This is an eulogy for the poor, misbegotten, and totally unprepared creature that got off an Air France flight in South Africa, walked into the World Cup, and was repeatedly beaten with its own fists until it left in a weeping, crumpled shadow of its former self. These are words written in honor of Team France by someone else, since they wrote none for themselves, and did play an important role in the opening acts of this drama.
For three games, they showed the world a proper French farce, one so expertly chaotic it made La Cage Aux Folles seem modest and amateur in comparision. The team required a handball by Thierry Henry to get in the tourney to begin with, and then flopped in three straight matches in between striking on their coach and refusing to practice.
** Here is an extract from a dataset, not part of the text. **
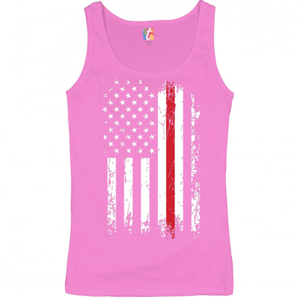 THIN RED LINE women's tank top american flag firefighter fire department pink

One striker, Anelka, was sent home; the remainder of the team alternated between icy detachment from the game and open complaint about mismanagement and discord. (Irony: this team had it in infinite layers.)
The coach, already an international laughingstock for his reliance on astrology in determining lineups, drove the team into the ground with engines at full once things got dicey at the tournament, making bizarre strategic decisions while doing nothing to defuse tensions on the team. When the end came in a 2-1 loss to lowly South Africa, Raymond Domenech capped his disgraceful World Cup by refusing to shake hands with South African manager Alberto Parreira.
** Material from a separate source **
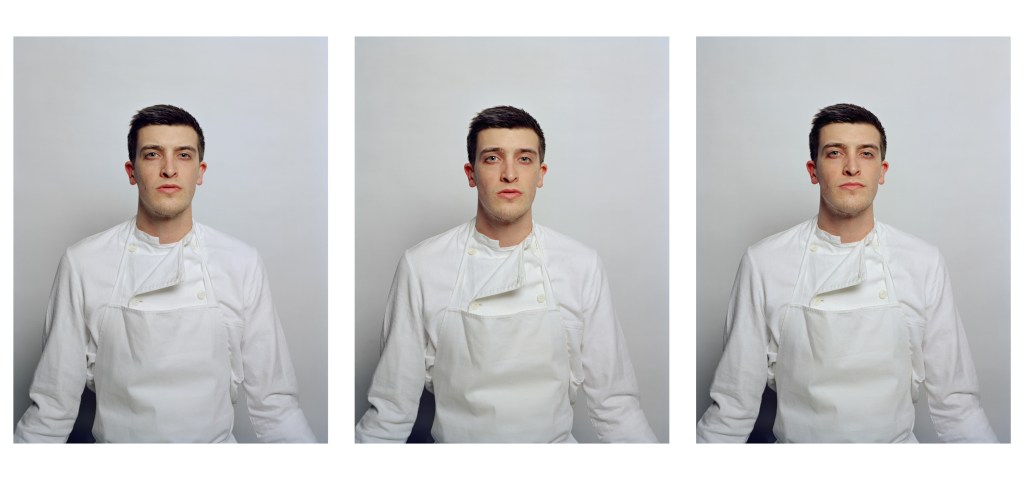 Gerard Jefferson-Lewis. Untitled (Butcher Boys) Portrait Number 472. Photograph, three framed C-type digital prints, each: 59.4 x 84.1 cm. Collection: National Galleries of Scotland, gift of the photographer 2013. © Gerard Jefferson-Lewis.

In this sense, they were the most consistent team at the Cup: awful from start to finish and an offense to the word dysfunctional, since dysfunctional barely covers what this team was. The President of the French Football Federation, Jean-Pierre Escalettes, sounded genuinely stunned when surveying the wreckage of a team that in 2006 was a game away from another World Championship:
I am even more devastated by what happened last weekend. French football has brought shame on his country. I thought of all the fans who were not recognized in this masquerade. It made me (feel) even worse than the scores. We’ll have to take uncompromising stock about the causes in order to know how we got to this fiasco.
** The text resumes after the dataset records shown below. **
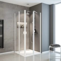 Der Schulte-Eckeinstieg der Serie Sunny in der Farbe Alpinweiß mit klarem Echtglas in einer Größe von 180 cm x 90 cm x 90 cm beeindruckt mit insgesamt vier großzügig geschnittenen Echtglasscheiben (ESG). Diese sind äußerst widerstandsstark, die beiden großflächigen Drehtüren sind mit dominanten Aluminiumprofilen an den feststehenden Seitenteilen befestigt, was sowohl eine hohe Stabilität als auch einen komfortablen Einstieg gewährleistet.
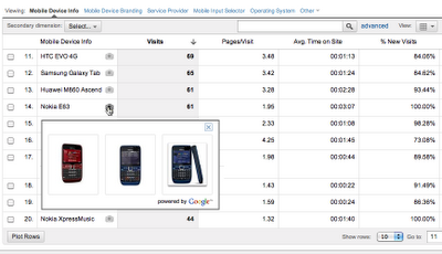 • Mobile Device Info (список моделей телефонов, с которых посещали сайт),
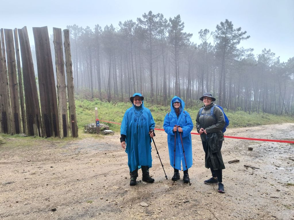 Siri and David are showing the latest in Camino fashionHalfway though at Cruz dos Frances – we added our rocks to the base to mark our passage as many had done beforeWe began our trail on the rock pathway next to what was now a streamSome nice cascades in the river LagoWe walk with our Denmark friend Christine and catch up with our Bolivian friend Coco. He was also telling his friends that he had met an old friend from dancing 23 years ago. “You were just a kid then,” he kindly says to me.A chapel and cafe spot before we started up the highest point of the Camino Portugués – Alto da Portela Grande Stunning views in northern Portgual One of the many pilgrim fountains along our wayAt the top, we find some official looking people with walkie talkies – they are getting ready for a big car race next week, checking out the dirt forest roads. We are surprised to find out they race in a souped up Toyota Yaris.The breathtaking views after the steep climbMany signs help lead our way – this one is a firstWe head down the hill to our Albergue (hostel)A nice hot lunch while wrapped in a dry towel refreshes the soul at the bottom of the hill. It is here that a French couple arrive smiling in spite of it all (they even do a quick dance and twist to the background music) points down and remarks “it is a swimming pool in my shoes!” And we all laugh in agreement.Siri relaxes in our down sleeping bag to finally warm up
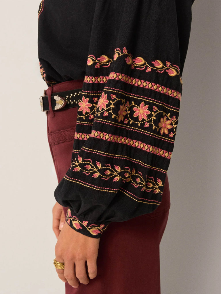 I fiori in rosa, uva e ocra si arrampicano sul petto e sulle maniche, illuminati su un terreno nero. Il ricamo è denso e intricato, assomiglia all'opera di arazzo sia ornata che viva.
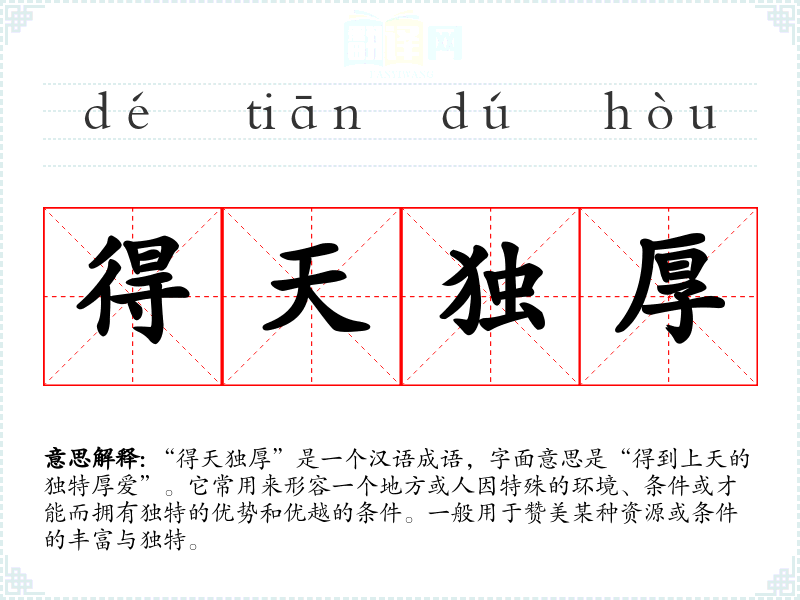 | 得天独厚 | 天:天然,自然;厚:优厚。具备的条件特别优越,所处环境特别好。 |

Fiasco is a harsh word, but for once it’s almost inadequate to describe what happened here. The art of semantics is a passion of the French, and they can debate precisely what degree of fiasco World Cup 2010 was for Les Bleus for the next decade if they like. What is not up for debate is their impending arrival in Paris ahead of schedule, and the time for the French to engage in another national pastime: the rolling of heads.